10 Protocol-level attack patterns to plan for
Even without naming any specific third-party project, the ecosystem has already documented a consistent set of protocol-level abuse patterns. The point isn’t that every server is malicious – the point is that the protocol surface makes these classes of attacks feasible unless you add guardrails.
- Schema poisoning: Manipulating schema fields to influence tool selection/parameters.
- Tool poisoning: Weaponizing tool descriptions/outputs to steer the model into risky actions.
- Rug pull (behavior drift): A server appears safe, then changes tool definitions/behavior after adoption.
- Cross-server shadowing: A tool in one server mimics or overrides expectations set by another server.
- Tool name collision/squatting: Using familiar tool names to gain trust and be selected more often.
- Crendential harvesting: Prompting users/agents to reveal secrets or mishandling token flows.
- Resource poisoning: Supplying “resources” that embed malicious instructions or unsafe content paths.
- Exfiltration chains: Combining multiple “normal” tool calls into a data-leak pathway.
- Denial-of-wallet: Triggering cost-amplifying loops (LLM tokens, API calls, Cloud usage).
- Permission confusion: Over-broad scopes or unclear user consent leading to unintended privileged actions.
If you want a structured taxonomy to align internal controls and messaging, the OWASP MCP Top 10 is a useful reference point for categorizing risks across the MCP lifecycle.
Real World Signals: CVEs and Supply Chain Incidents
This is not purely hypoyhetical. Reference MCP Componenets and surrounding tooling have already had disclosed vulnerabilities. For example, CVE-2025-53109 in the Filesystem reference server describes unintended file Access via symlinks in affected versions, with an explicit upgrade recommendation. Another example is CVE-2025-49596 in MCP Inspector, where missing authentication between components can lead to remote code execution under certain conditions (With remediation guidance).
More importantly, the ecosystem has seen clear signs of supply-chain abuse. Postmark, an email delivery service, has warned the public about a malicious npm package (“postmark-mcp”) that impersonates them to steal user emails. Multiple independent write-ups covered the same incident and why it matters for MCP adoption: teams are effectively granting high-privilege Access to packages that may bypass traditional vendor risk and asset inventory processes.
A practical security baseline for MCP serves
You don’t need to “ban MCP” to be safe. You need a baseline that separates what a server claims from what you allow, and that enforces provenance, isolation, change control and monitoring.
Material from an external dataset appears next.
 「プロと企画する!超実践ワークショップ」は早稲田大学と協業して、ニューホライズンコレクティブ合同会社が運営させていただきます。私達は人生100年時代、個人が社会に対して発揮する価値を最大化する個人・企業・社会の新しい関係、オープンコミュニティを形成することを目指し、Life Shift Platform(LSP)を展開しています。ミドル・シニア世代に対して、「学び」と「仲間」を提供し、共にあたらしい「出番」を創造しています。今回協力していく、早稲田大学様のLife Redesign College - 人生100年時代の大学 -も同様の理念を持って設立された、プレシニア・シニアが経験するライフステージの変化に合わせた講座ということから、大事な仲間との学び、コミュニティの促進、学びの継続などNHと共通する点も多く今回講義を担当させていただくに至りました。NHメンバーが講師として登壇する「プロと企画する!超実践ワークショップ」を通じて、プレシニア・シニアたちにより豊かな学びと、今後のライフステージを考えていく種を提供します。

Before you install (Provenance + Trust):
- Verify Publisher/maintainer identity, repository lineage, release history and dependency risk.
- Pin versions (no silent auto-upgrades); prefer signed artifacts/attestations where available.
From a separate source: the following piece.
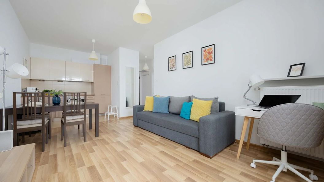 Apartament, o powierzchni 41,2 m², wygodnie pomieści do 4 osób, co czyni go idealnym miejscem na pobyt dla rodzin lub grupy przyjaciół. Wnętrze zostało zaprojektowane z dbałością o detale, emanując ciepłą atmosferą dzięki harmonijnej kolorystyce i stylowym akcentom dekoracyjnym. Salon, w którym znajduje się wygodna, rozkładana sofa, to doskonałe miejsce do odpoczynku i relaksu. Z salonu można wyjść na przestronny balkon, wyposażony w meble ogrodowe, idealny do spędzania czasu przy filiżance kawy zaparzonej w ekspresie. W apartamencie znajduje się również stół jadalniany, przy którym można wspólnie celebrować posiłki. Aneks kuchenny, w pełni wyposażony w wysokiej jakości sprzęt, sprawia, że gotowanie staje się prawdziwą przyjemnością. W sypialni znajduje się wygodne, podwójne łóżko, zapewniające komfortowy sen. Apartament wyposażony jest także w biurko, które stanowi idealne miejsce do pracy zdalnej lub nauki. Wśród multimedialnych udogodnień znajduje się płaski telewizor Smart TV z telewizją kablową oraz bezpłatne Wi-Fi. Łazienka, w której znajduje się pralka, zwiększa komfort podczas długoterminowych pobytów. Na dobry początek pobytu zapewniono bezpłatny zestaw kosmetyków, ręczniki oraz pościel. Dodatkowym atutem jest miejsce parkingowe w garażu podziemnym.

- Define least-privilege scopes for any tokens used by tools.
While it runs (enforcement + containment):
- Sandbox MCP servers (container/VM), restrict filesystem and outbond network (egress) by default.
- Require explicit user approval for high-risk tool categories (write/delete/send/pay/admin).
- Detect and fail-closed on tool/schema drift during a session (re-approval on change).
- Avoid 0Auth anti-patterns like token passthrough; enforce safe authorization flows and storage.
Observe and detect (monitoring):
- Log tool listing/invocation events, permission failures, and anomalous call volumes.
- Alert on high-risk tool usage spikes, repeated failures, or unexpected new tools appearing.
- Track “consent fatigue” patterns (too many prompts leads to blind approval).